(Thanks to Denise Karuth for the heads up on this)
“Silent Minds” by Jerome Groopman is in the latest edition of the New Yorker magazine. It’s a summary of the research into the consciousness of people labeled with persistent vegetative state (PVS) and minimally conscious state (MCS). Much of it will be familiar to readers of the NDY blog and our old website. Groopman provides a pretty comprehensive overview of the research over the past ten years, but the way he states the research is odd. The way in which he states the research in the late 1990s suggests that the problem at the time was misdiagnosis of consciousness when there was none, rather than misdiagnosis of PVS in a person who was conscious:
According to several American and British studies completed in the late nineties, patients suffering from what is known as “disorders of consciousness” are misdiagnosed between fifteen and forty-three per cent of the time.

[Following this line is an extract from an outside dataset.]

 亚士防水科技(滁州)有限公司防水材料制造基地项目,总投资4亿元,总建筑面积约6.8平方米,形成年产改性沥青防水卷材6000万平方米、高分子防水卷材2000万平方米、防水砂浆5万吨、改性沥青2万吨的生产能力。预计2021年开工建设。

Physicians, who have traditionally relied on bedside evaluations to make diagnoses, sometimes misinterpret patients’ behavior, mistaking smiling, grunting, grimacing, crying, or moaning as evidence of consciousness.

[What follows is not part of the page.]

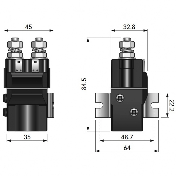 Bu solenoid, 12V voltaj ile çalışır ve 1800 Watt'a kadar maksimum güç sağlar. IP66 koruma sınıfına sahiptir ve maksimum kontakt voltajı 48V DC'dir.

That is really misleading. One of the studies he’s referring to here is the 1996 study by Andrews et al published in BMJ. Here are the results from the study:
Of the 40 patients referred as being in the vegetative state, 17 (43%) were considered as having been misdiagnosed; seven of these had been presumed to be vegetative for longer than one year, including three for over four years. Most of the misdiagnosed patients were blind or severely visually impaired. All patients remained severely physically disabled, but nearly all were able to communicate their preference in quality of life issues–some to a high level.
But that’s not all. The article makes reference to Terri Schiavo, a debate in which her life or death was on the line:
A neuroscientist showed me a video on the Internet of Terri Schiavo, the Florida woman who spent fifteen years in what most doctors agree was a vegetative state—tests revealed almost no activity in her cortex—and whose death, in 2005, provoked fierce debate over the rights of severely brain-damaged patients. (Schiavo died after the Supreme Court rejected her parents’ appeal of a judge’s decision approving her husband’s request that her feeding tube be removed. An autopsy showed extensive brain damage.)
In spite of the reference to Schiavo and the life-and-death nature of the debate that surrounded her, Groopman proves the “elephant is still in the living room.”:
“These people with brain trauma are out of our view,” Joseph Fins, an internist and medical ethicist at Weill Cornell Medical College, in Manhattan, and a member of the Mohonk group, told me. “We ignore them, and we sequester them in places where we can’t see them, usually in nursing homes.”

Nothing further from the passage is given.